Teresa, ma se avevi bisogno di conferme sulla tua avvenenza, perchè non hai nemmeno provato a chiederle a casa? 
perchè ti sei subito rivolta fuori? 
Lui è arrivato al momento giusto, ma non pensi che forse avevi lasciato segnali inconsci?


----------



## Old teresa72 (28 Luglio 2009)

Grande82 ha detto:


> Teresa, ma se avevi bisogno di conferme sulla tua avvenenza, perchè non hai nemmeno provato a chiederle a casa?
> perchè ti sei subito rivolta fuori?
> Lui è arrivato al momento giusto, ma non pensi che forse avevi lasciato segnali inconsci?


E' quì che mi preoccupo!

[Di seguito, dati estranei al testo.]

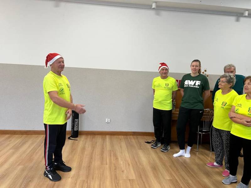 Podczas poniedziałkowych ćwiczeń organizowanych w Klubie Kultury PIAST przez Klub TKKF Krzna Biała Podlaska seniorów odwiedził święty Mikołaj z upominkami dla uczestników zajęć.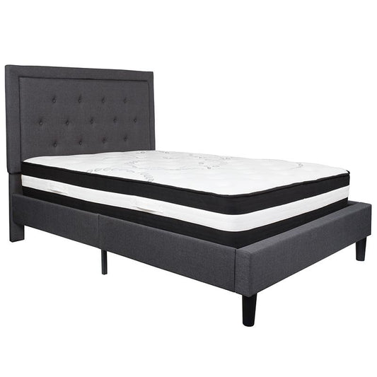 Roxbury Full Size Tufted Upholstered Platform B... Roxbury Full Size Tufted Upholstered Platform Bed In Dark Gray Fabric With Pocket Spring Mattress By Flash Furniture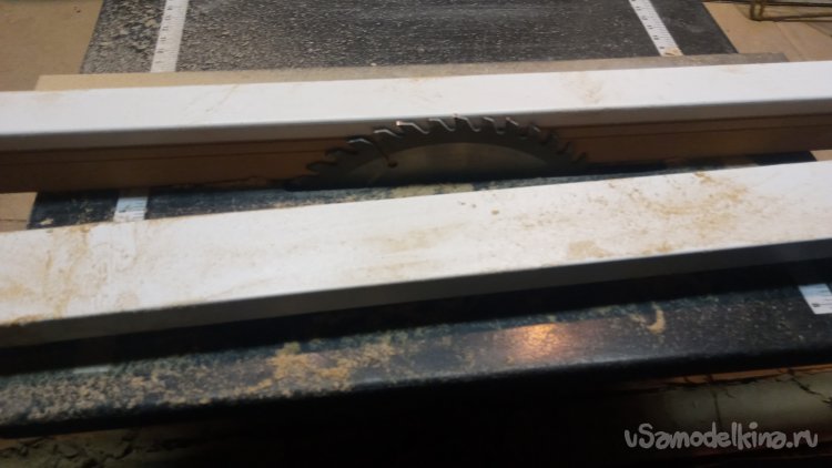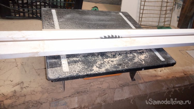 Остальные части коробки я распилил вдоль, предварительно достав из них уплотнительную резинку. По пазу, от нгеё и пилил. Это, кроме всего, ещё и позволило мне обойтись без сколов конечного покрытия. В качестве стационарной циркулярки прекрасно подошёл электрический плиткорез, который я купил, когда укладывал керамическую плитку. Просто сменил алмазный круг на круг по дереву.

In casa conferme mio marito me le dava. Non mi ha mai fatto mancare il complimento... come stai bene vestita così... truccati sempre così che ti risaltano gli occhi... Non credo di essermi rivolta subito fuori... non credo


----------



## Old Alexantro (28 Luglio 2009)

Grande82 ha detto:


> Teresa, ma se avevi bisogno di conferme sulla tua avvenenza, perchè non hai nemmeno provato a chiederle a casa?
> perchè ti sei subito rivolta fuori?


 da donna dovresti saperlo meglio di me che voi (donne) cercate da piu "lidi" apprezzamenti vari.....stessa cosa e' x il sesso o x i tradimenti.....


----------



## Minerva (28 Luglio 2009)

*azzardo*

non sarà "unisex" questa ricerca di apprezzamenti esterni?


----------



## Old Alexantro (28 Luglio 2009)

e' piu femminile questa caratteristica secondo me....cio nn vuol dire che gli uomini ne siano esenti eh....pero la vedo piu come caratteristica delle donne


----------



## Grande82 (28 Luglio 2009)

Minerva ha detto:


> non sarà "unisex" questa ricerca di apprezzamenti esterni?








 vedo e rilancio...


----------



## Old lordpinceton (28 Luglio 2009)

teresa72 ha detto:


> Non pensavo fossimo così tante! Comunque era meglio se rientravo nella minoranza!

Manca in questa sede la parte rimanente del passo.